Multi-drug resistant ST313 has swept through humans in remarkable fashion: in an 18-month period beginning in 2002, it came to represent 95 per cent of S. Typhimurium isolates identified in Africa. However, antibiotic-sensitive versions of the same strain may have been evolving in regions of Africa for many decades.
"This new strain of S. Typhimurium has rapidly gained resistance to many of the commonly used antibiotics in the field. Our findings show that ST313 has acquired a block of genes that make it resistant to the common antibiotics. The genes jumped into ST313 on a mobile genetic element called a transposon, bringing with it additional genes that make the strain more deadly."
"Even when treated using drugs against which the bacterium has not gained resistance, the mortality rate remains staggeringly high, at 25 per cent."
Dr Chisomo Msefula from the Malawi-Liverpool-Wellcome Trust Clinical Research Programme
The team hope that the new sequence will open the door for future studies of disease important to populations in Africa.
"There are more than 2500 different strains of Salmonella. The emergence and rise to dominance of ST313 in Africa is associated with uniquely susceptible host populations: we must be on our guard against the emergence of new pathogens in a rapidly changing world. This isn't simply a story about HIV infection: There is little evidence that this type of disease is a problem in other areas of the world where HIV and malaria infection rates are high, such as southeast Asia."

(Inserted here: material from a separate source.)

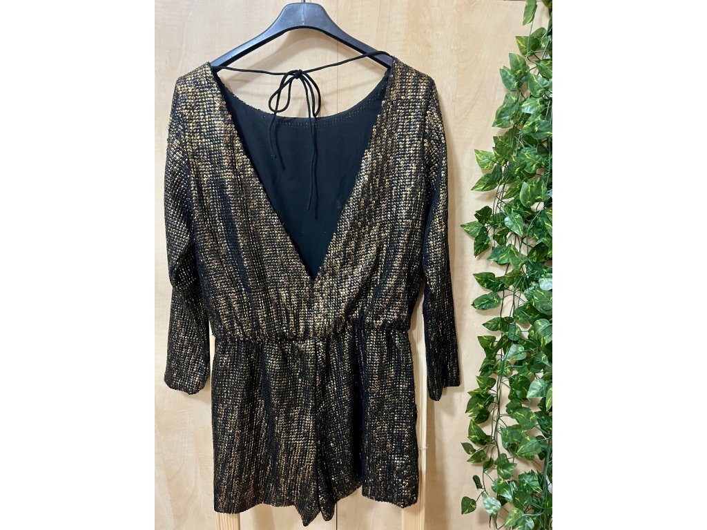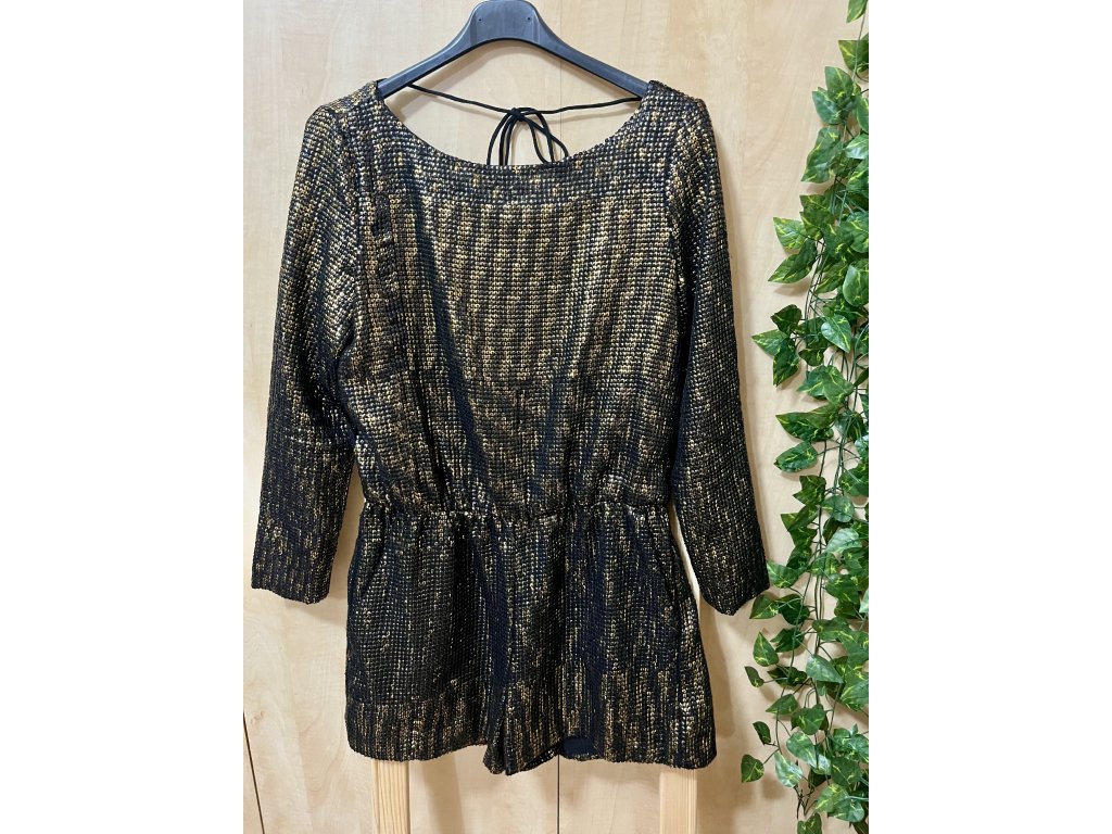 Velmi dobrý stav. Úžasný kraťasovy overal bohatě zdobený flitry, vhodný na párty, společenské události nebo jen tak třeba na promenádu k moři. Overal je velikosti S, má podšívku, vzadu holá záda a za krkem vázání na šňůrky. Pas je na pružnou gumu, overal má i boční kapsy.

"If we can understand what's special about the types of Typhimurium that emerge and susceptible populations, we might be able to predict in future where new pathogens will emerge. We may also be able to design vaccines against those pathogens."
Professor Gordon Dougan from the Sanger Institute and senior author on the paper
Two ST313 isolates in available databases come from outside Africa - one from India and one from the UK. Strikingly, both were from severe invasive disease. Invasive cases are very, very rare outside certain regions of Africa. The researchers don't know whether the additional cases were from travellers to Africa or know the immune status of the patients.
Tracking the transmission pathways and the emergence of new strains can most effectively be done using new sequencing technologies to spot the tiny differences - single letter changes - in the genetic code. The completion of this new high-quality S. Typhimurium reference genome for the emergent ST313 strain opens the door for such investigations in the future.